> [EXERCISE]: Transcribe, exactly and without pictures, the lines below from the line with "Работая с передними" to the line with "3月27日上午,区管委会沈红", both ends included, and no others.

> [MATERIAL FOR THIS EXERCISE]:

◆ ◆ ◆ ◆

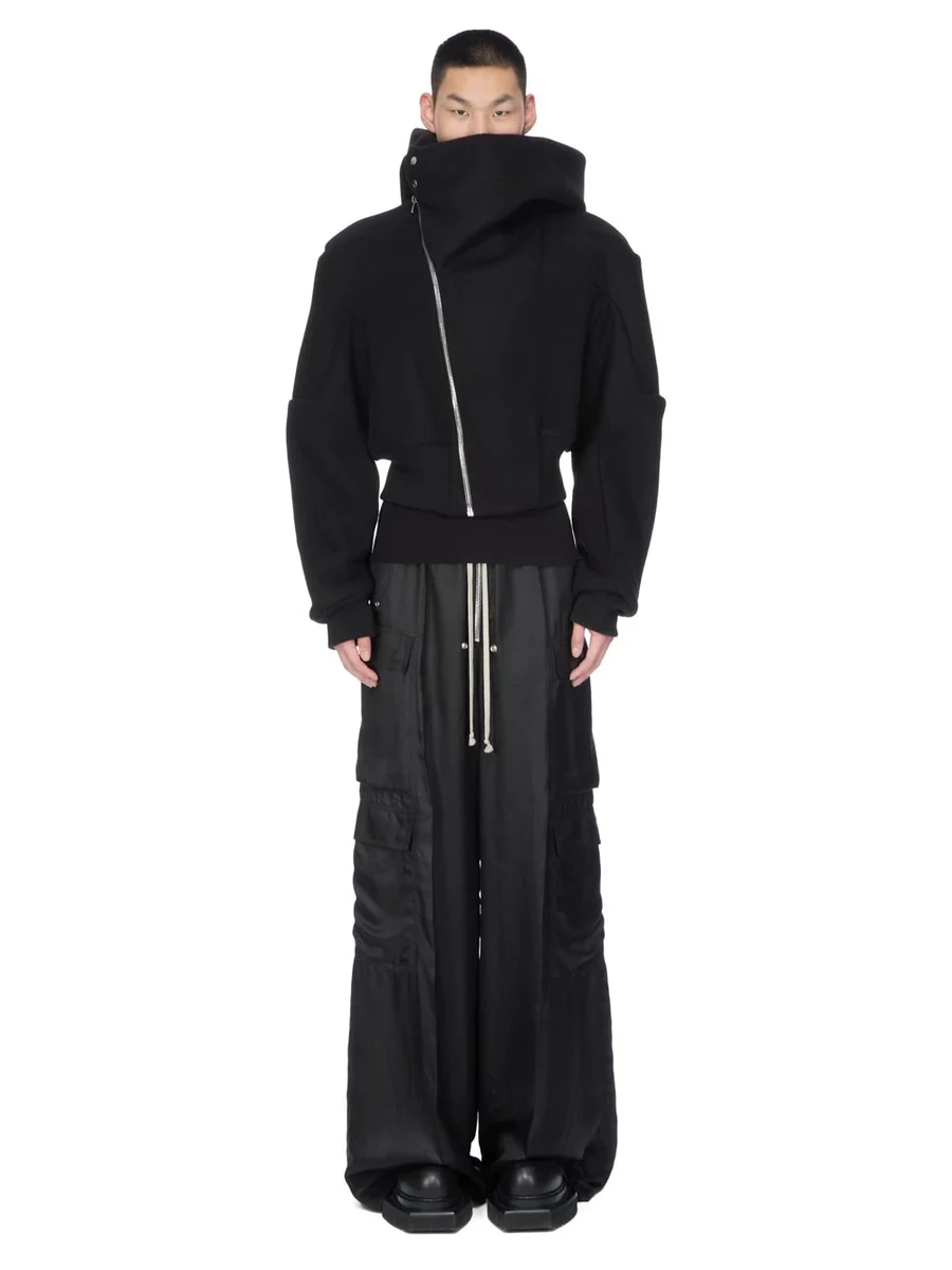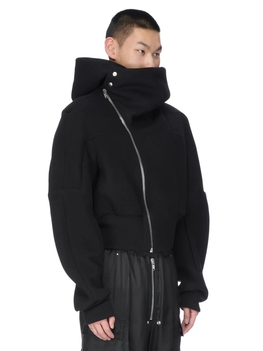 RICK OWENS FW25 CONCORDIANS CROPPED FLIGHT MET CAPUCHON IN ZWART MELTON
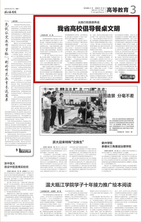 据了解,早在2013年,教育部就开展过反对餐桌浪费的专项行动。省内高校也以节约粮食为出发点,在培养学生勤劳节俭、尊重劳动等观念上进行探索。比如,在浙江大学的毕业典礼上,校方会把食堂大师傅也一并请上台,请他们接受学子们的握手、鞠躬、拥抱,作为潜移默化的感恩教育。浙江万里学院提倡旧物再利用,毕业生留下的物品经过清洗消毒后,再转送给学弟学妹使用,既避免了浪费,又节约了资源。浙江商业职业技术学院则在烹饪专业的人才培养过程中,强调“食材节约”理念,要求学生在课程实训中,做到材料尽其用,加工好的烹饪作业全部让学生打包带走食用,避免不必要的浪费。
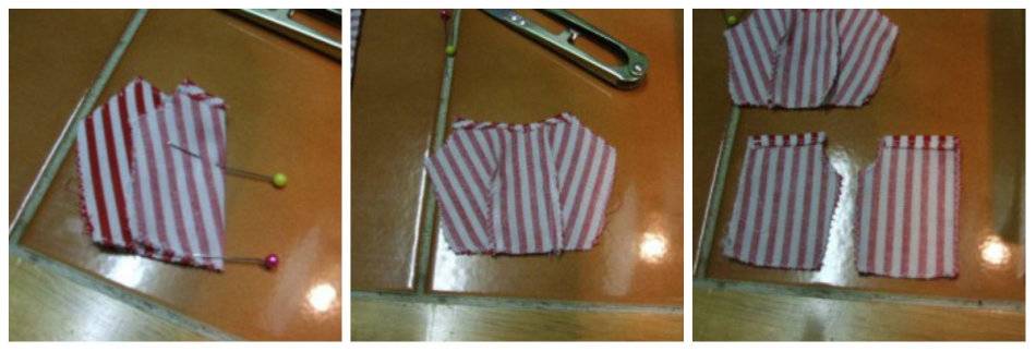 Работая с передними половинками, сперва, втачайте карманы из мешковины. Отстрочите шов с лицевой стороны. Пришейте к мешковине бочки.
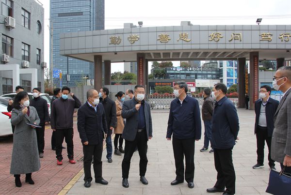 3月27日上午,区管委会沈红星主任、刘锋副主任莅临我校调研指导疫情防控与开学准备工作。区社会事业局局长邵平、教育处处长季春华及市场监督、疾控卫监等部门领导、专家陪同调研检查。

◆ ◆ ◆ ◆

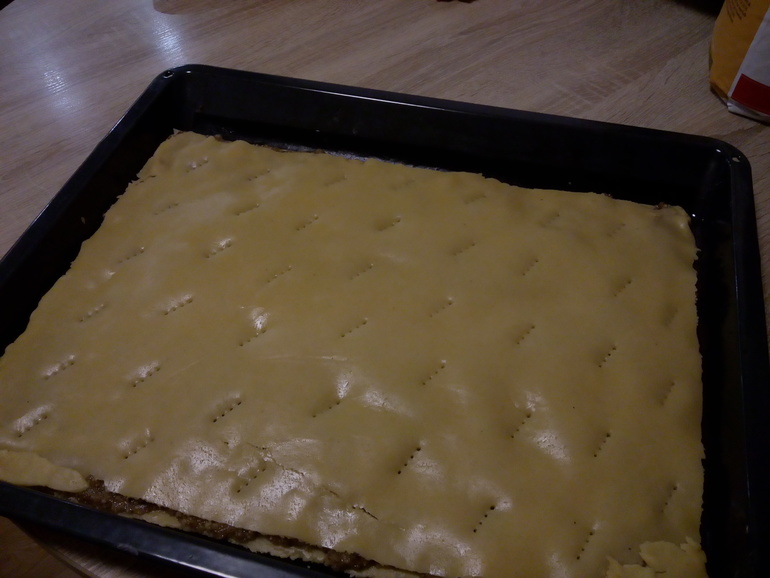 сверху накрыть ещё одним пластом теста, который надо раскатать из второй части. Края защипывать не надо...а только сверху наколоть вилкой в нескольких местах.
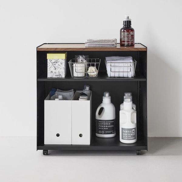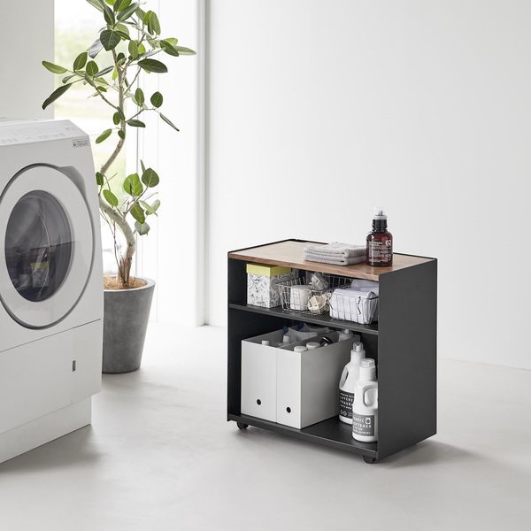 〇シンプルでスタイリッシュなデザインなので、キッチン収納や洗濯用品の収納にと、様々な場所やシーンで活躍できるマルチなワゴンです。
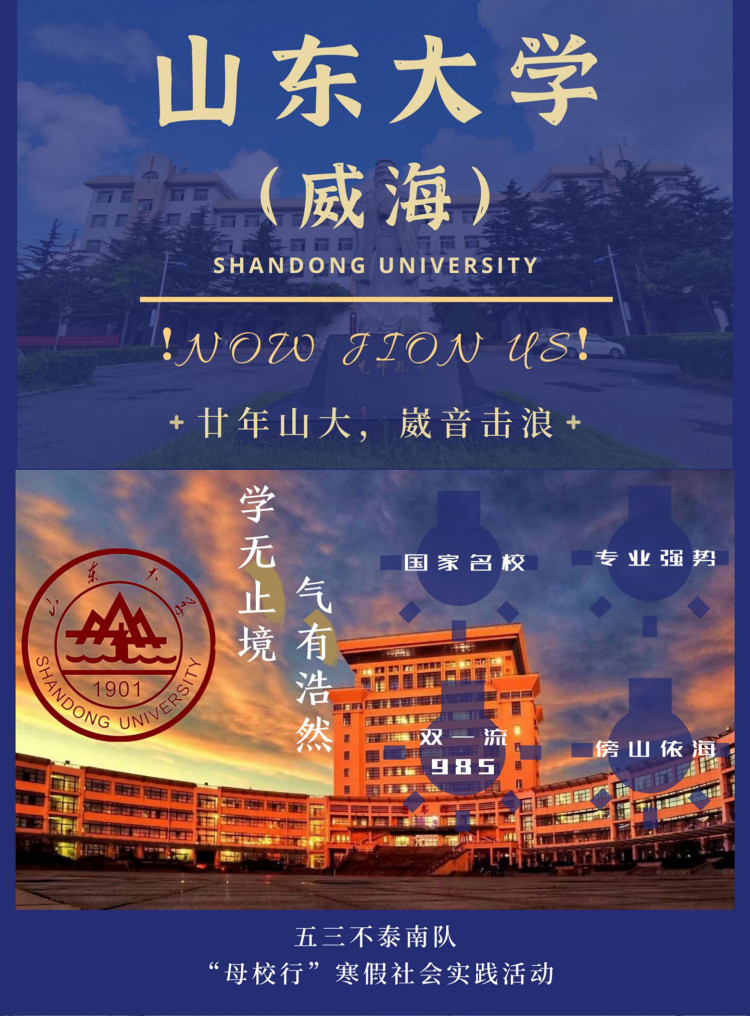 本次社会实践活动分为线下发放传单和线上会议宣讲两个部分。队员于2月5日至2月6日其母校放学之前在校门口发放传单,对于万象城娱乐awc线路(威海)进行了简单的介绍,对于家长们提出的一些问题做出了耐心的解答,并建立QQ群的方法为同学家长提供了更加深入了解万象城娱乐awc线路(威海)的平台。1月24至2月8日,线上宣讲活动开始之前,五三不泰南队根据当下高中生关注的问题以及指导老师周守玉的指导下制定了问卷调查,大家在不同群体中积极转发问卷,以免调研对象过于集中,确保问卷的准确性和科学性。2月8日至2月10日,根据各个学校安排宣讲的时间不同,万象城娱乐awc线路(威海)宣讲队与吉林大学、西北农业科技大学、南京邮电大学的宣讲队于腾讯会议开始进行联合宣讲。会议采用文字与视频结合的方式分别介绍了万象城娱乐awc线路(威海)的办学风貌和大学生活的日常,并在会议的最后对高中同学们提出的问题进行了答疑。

◆ ◆ ◆ ◆

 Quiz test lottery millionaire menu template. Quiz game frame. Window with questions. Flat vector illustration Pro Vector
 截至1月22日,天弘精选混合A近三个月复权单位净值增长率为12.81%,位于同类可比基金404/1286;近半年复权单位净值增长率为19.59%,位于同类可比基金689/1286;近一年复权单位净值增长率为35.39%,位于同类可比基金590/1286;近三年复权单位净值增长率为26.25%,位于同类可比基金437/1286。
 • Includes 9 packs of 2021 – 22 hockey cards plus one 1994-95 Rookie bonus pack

◆ ◆ ◆ ◆

> [RESULT]:
 Работая с передними половинками, сперва, втачайте карманы из мешковины. Отстрочите шов с лицевой стороны. Пришейте к мешковине бочки.
 3月27日上午,区管委会沈红星主任、刘锋副主任莅临我校调研指导疫情防控与开学准备工作。区社会事业局局长邵平、教育处处长季春华及市场监督、疾控卫监等部门领导、专家陪同调研检查。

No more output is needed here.